__Exercise prompt__: Within the listing below, the lines to output run from the one containing "Letter from John" through the one containing "グレーカラーが印象的なパールネックレス。"; copy them exactly and nothing else.

__Data records__:
::::::::

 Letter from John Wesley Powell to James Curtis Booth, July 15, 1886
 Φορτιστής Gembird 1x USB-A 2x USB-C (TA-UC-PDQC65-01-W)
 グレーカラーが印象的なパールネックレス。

::::::::

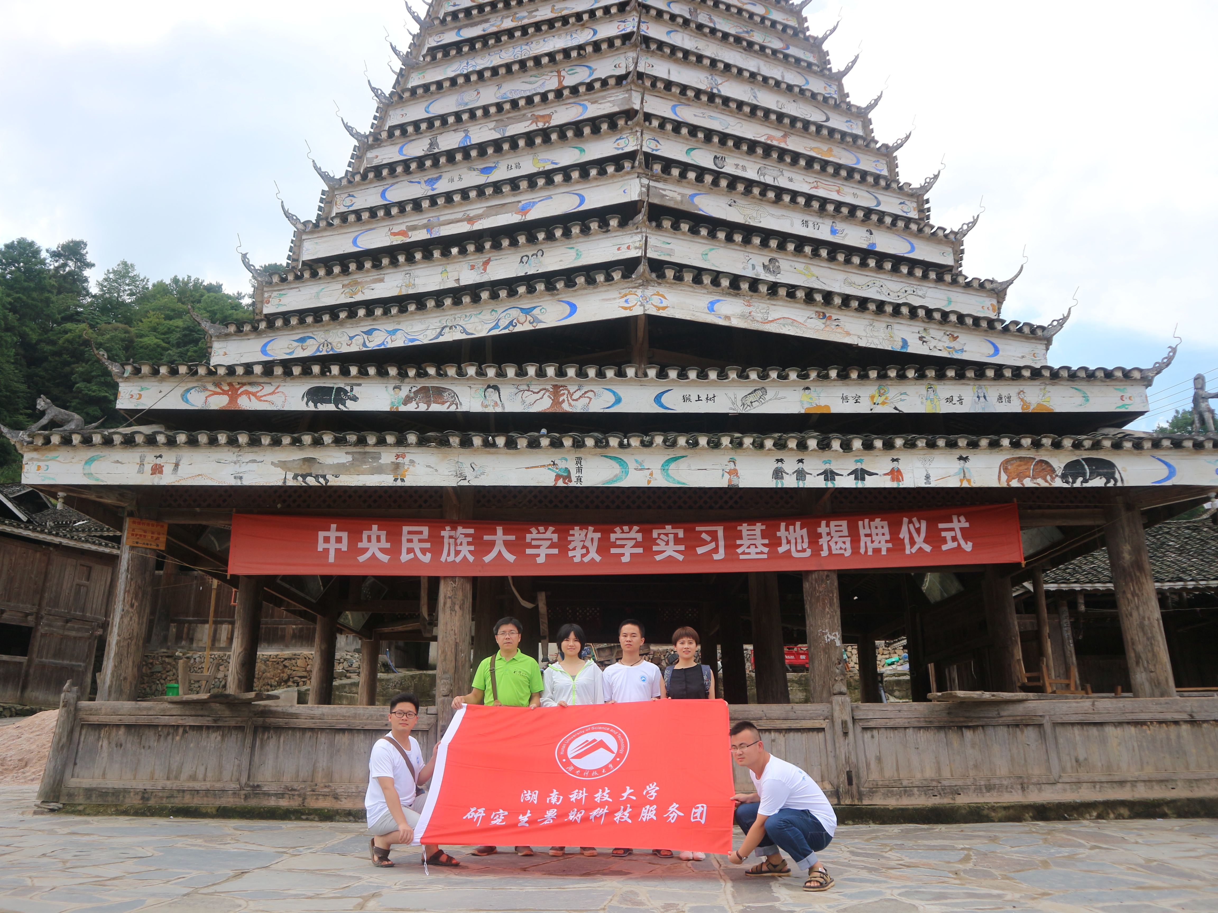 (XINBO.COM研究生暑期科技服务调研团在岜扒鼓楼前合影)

::::::::

__Solution to the exercise__:
 Letter from John Wesley Powell to James Curtis Booth, July 15, 1886
 Φορτιστής Gembird 1x USB-A 2x USB-C (TA-UC-PDQC65-01-W)
 グレーカラーが印象的なパールネックレス。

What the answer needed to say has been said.